▼▼▼

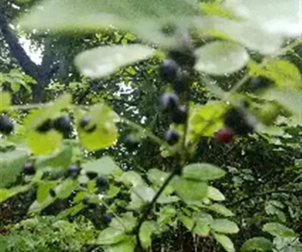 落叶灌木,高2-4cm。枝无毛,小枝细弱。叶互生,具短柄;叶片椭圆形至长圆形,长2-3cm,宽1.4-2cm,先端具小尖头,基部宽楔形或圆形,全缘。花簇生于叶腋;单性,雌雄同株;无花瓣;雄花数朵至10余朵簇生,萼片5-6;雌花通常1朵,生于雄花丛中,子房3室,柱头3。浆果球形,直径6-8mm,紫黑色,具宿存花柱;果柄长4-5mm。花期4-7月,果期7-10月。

▲▲▲
▼▼▼

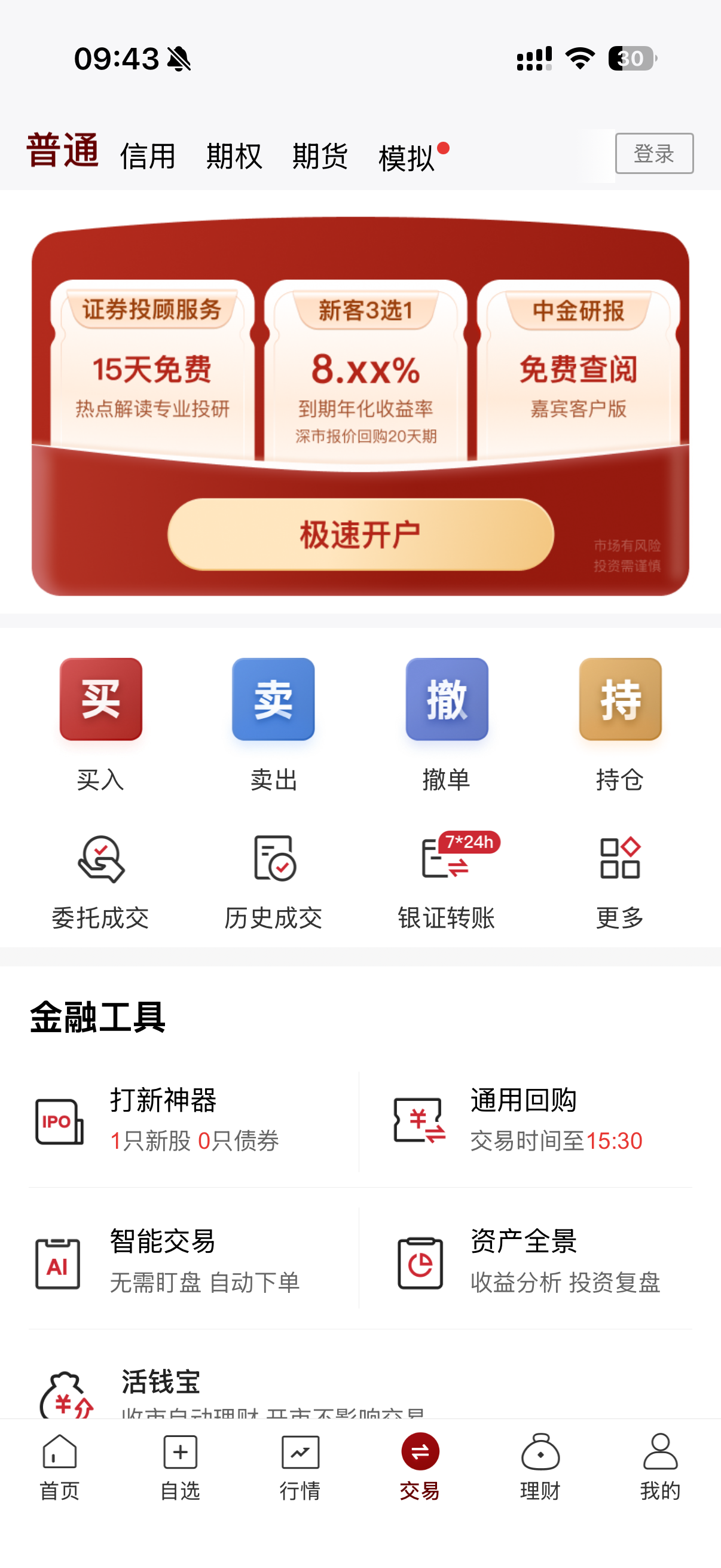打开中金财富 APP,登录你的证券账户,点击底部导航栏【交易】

▲▲▲
▼▼▼

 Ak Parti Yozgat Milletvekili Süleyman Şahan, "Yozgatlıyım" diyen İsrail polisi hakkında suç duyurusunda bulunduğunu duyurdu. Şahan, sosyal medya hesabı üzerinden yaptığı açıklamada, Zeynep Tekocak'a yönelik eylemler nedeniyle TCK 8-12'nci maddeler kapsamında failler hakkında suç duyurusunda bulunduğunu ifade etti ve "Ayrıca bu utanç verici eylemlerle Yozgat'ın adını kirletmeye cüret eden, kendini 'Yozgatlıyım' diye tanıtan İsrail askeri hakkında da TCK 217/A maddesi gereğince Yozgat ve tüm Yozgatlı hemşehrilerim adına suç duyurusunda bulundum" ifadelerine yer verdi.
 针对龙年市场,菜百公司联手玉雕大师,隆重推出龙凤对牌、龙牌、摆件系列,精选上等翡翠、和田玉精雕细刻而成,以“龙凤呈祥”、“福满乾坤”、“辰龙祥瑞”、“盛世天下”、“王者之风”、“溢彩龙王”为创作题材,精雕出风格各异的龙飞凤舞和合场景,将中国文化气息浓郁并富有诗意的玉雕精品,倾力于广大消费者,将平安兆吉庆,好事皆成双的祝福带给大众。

▲▲▲

WHAT IS EXPECTED:
The expected answer is an exact copy of the lines above, beginning at the line with "Ak Parti Yozgat" and ending at the line with "针对龙年市场,菜百公司联手玉", with both ends in.

RESULT OF THE EXERCISE:
 Ak Parti Yozgat Milletvekili Süleyman Şahan, "Yozgatlıyım" diyen İsrail polisi hakkında suç duyurusunda bulunduğunu duyurdu. Şahan, sosyal medya hesabı üzerinden yaptığı açıklamada, Zeynep Tekocak'a yönelik eylemler nedeniyle TCK 8-12'nci maddeler kapsamında failler hakkında suç duyurusunda bulunduğunu ifade etti ve "Ayrıca bu utanç verici eylemlerle Yozgat'ın adını kirletmeye cüret eden, kendini 'Yozgatlıyım' diye tanıtan İsrail askeri hakkında da TCK 217/A maddesi gereğince Yozgat ve tüm Yozgatlı hemşehrilerim adına suç duyurusunda bulundum" ifadelerine yer verdi.
 针对龙年市场,菜百公司联手玉雕大师,隆重推出龙凤对牌、龙牌、摆件系列,精选上等翡翠、和田玉精雕细刻而成,以“龙凤呈祥”、“福满乾坤”、“辰龙祥瑞”、“盛世天下”、“王者之风”、“溢彩龙王”为创作题材,精雕出风格各异的龙飞凤舞和合场景,将中国文化气息浓郁并富有诗意的玉雕精品,倾力于广大消费者,将平安兆吉庆,好事皆成双的祝福带给大众。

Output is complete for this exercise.